Source : http://shin.over-blog.org/le-jour-des-morts-vivants.html
Après l’épouvantant La Nuit des morts-vivants et le mordant (pardon, je n’ai pas résisté…) Zombie / Dawn of the Dead, cela relèverait du doux euphémisme de dire que George A. Romero était attendu au tournant par ceux qui avaient adorés les deux premiers volets de sa saga des morts-vivants. Dans Le Jour des morts-vivants, il n’est plus question d’une vieille baraque étriquée angoissante ou d’un centre commercial aux espaces de liberté illusoire, mais d’un abri anti-atomique bâti dans les ruines d’une mine. Avec une dominance du blanc médical impersonnel et de froides couleurs métalliques, l’aspect très épuré des lieux contribue à renforcer le sentiment d’oppression et de déshumanisation ambiantes. Vestiges d’une humanité tentant désespérément de survivre, une poignée d’individus résiste tant bien que mal aux assauts répétés des zombies devenus l’espèce dominante (de par son nombre) sur la terre. Sans oublier les thématiques abordées dans les précédents films (dénonciation de la xénophobie, critique du capitalisme), Romero continue son exploration des tréfonds de l'âme humaine. Et ce dès les premières images oniriques du film montrant l'héroïne en proie à des mains déchirant les murs, vision cauchemardesque d’une fameuse scène de La Belle et la Bête de Jean Cocteau et sorte de réminiscence du premier film (lorsque les zombies tentaient d’attraper les survivants à travers les portes et les fenêtres). Jouant un peu le rôle de diplomate (et de point de repère pour les spectateurs) entre deux factions en conflit (scientifiques et militaires), on devine rapidement que la pression du groupe sera plus forte que la volonté de la jeune femme. Un détail m’a également interpellé dans cette séquence : le calendrier. Il pointe sur le 1er novembre. Il réapparaîtra à la fin du film, le lendemain (le 2 novembre donc, "Le Jour des Morts" dans la tradition catholique…). Le message me semble on ne peut plus explicite.

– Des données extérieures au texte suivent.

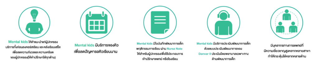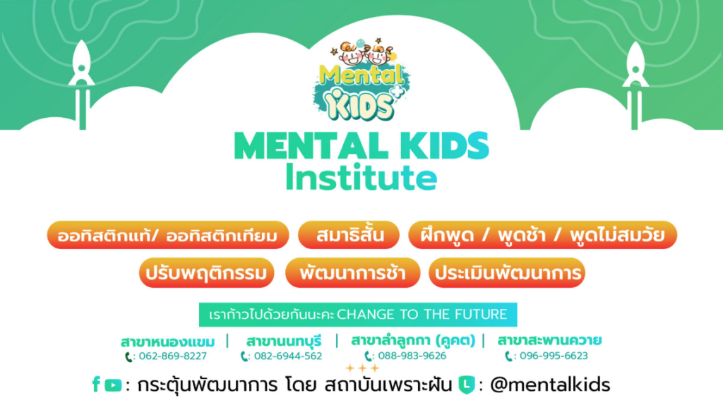 สถาบันของเราเป็นสถาบันที่มีความเชี่ยวชาญทางด้านการกระตุ้นพัฒนาการเด็ก โดยมีบุคลากรทางการแพทย์หลากหลายสาขารวมไว้ที่นี่ ได้แก่ อาจารย์ระดับมหาวิทยาลัย พยาบาลวิชาชีพ (ปริญญาโทพัฒนาการเด็ก) นักจิตวิทยา ครูการศึกษาพิเศษ และนักวิทยาศาสตร์ ซึ่งเป็นบุคลากรชั้นนำของประเทศ ดังนั้นแสดงให้เห็นผลลัพธ์ที่ชัดเจน ถึงการเปลี่ยนแปลงอย่างรวดเร็ว…ทางสถาบันมีความถนัดในการกระตุ้นพัฒนาการเด็ก-บำบัดแบบองค์รวม (กาย จิต สังคม และปัญญา) ในกลุ่มสมาธิสั้น พัฒนาการล่าช้า (ภาษาล่าช้า) ออทิสติก การเรียนรู้บกพร่อง พฤติกรรมก้าวร้าว และให้คำปรึกษาแก่ครอบครัว เพื่อให้เกิดความเฉพาะเจาะจงกับการส่งเสริมการเรียนรู้ มีพัฒนาการเหมาะสมตามช่วงวัย ความรู้ด้านวิชาการครบวงจร และหลักสูตรที่ออกแบบด้วยโปรแกรมเฉพาะของสถาบัน MENTAL KIDS โดยใช้เกณฑ์การประเมินก่อนเรียนตามแบบประเมินของ Denver II เพื่อให้เหมาะสมกับเด็กตามช่วงวัย นอกจากนี้เอกลักษณ์ที่มีเฉพาะตัวของเรา ความใส่ใจในการกระตุ้นพัฒนาการ จดบันทึกพฤติกรรมของเด็กผ่าน nurse note โดยพยาบาลพัฒนาการเด็ก เพื่อให้ผู้ปกครองได้นำไปให้ที่โรงเรียน หรือ โรงพยาบาล ทุกครั้งที่ไปพบแพทย์

Au centre du film, deux visions s’opposent. Les scientifiques d'un côté et les militaires de l'autre. La raison contre la force en d'autres termes. À cela s’ajoute la neutralité de deux individus désillusionnés s'efforçant de rester le plus à l'écart possible de cette guerre ouverte contre les zombies, mais surtout entre les hommes. Le premier est pilote et ressemble vaguement à Richard Pryor, le second est mécanicien et sosie involontaire de Mister Bean. Au milieu de ce joli bordel, une femme tente de faire le lien. Ne s'intégrant pas à ses collègues scientifiques et violemment repoussée par ce militaire avec qui elle entretient une liaison, elle représente une certaine forme de vaine sagesse, mais surtout la minorité opprimée chère à Romero (dont les zombies sont l’incarnation la plus radicale). Il ne s'agit plus de couleur de peau, mais de sexe. Pourtant, le constat demeure le même dans cette société faite d’inégalités sociales qui génèrent et renforcent l’exclusion. En grand ordonnateur, Romero ne privilégie aucun camp. Modèle type du savant fou (il est d’ailleurs surnommé "Frankenstein" ; même si Mengele aurait été tout autant approprié), le Dr. Logan illustre parfaitement les craintes du cinéaste face aux dérives scientistes. N’hésitant pas à abattre les "cobayes" devenus inutiles, à nourrir les zombies de restes humains ou à s’adonner aux pratiques les plus barbares qui soient (et particulièrement réalistes grâce aux maquillages prodigieux de Tom Savini), il est impossible de rester stoïque face à ce sinistre personnage. D’un intérêt scientifique plus que douteux et avec une totale absence d’éthique, les expériences auxquelles il se livrent n’ont en effet rien à envier à celles du monstrueux "ange de la mort" nazi… Le réalisateur n'épargne pas non plus les militaires en les caricaturant à outrance (humour bas de plafond, remarques misogynes, soumission aveugle à l'autorité, recours systématique à la force), notamment à travers cette déviante représentation symbolique que constitue le totalitaire Capitaine Rhodes et ses méthodes détestables de despote. Autant dire que leur mise à mort inévitable n’en sera que plus libératrice… et attendue !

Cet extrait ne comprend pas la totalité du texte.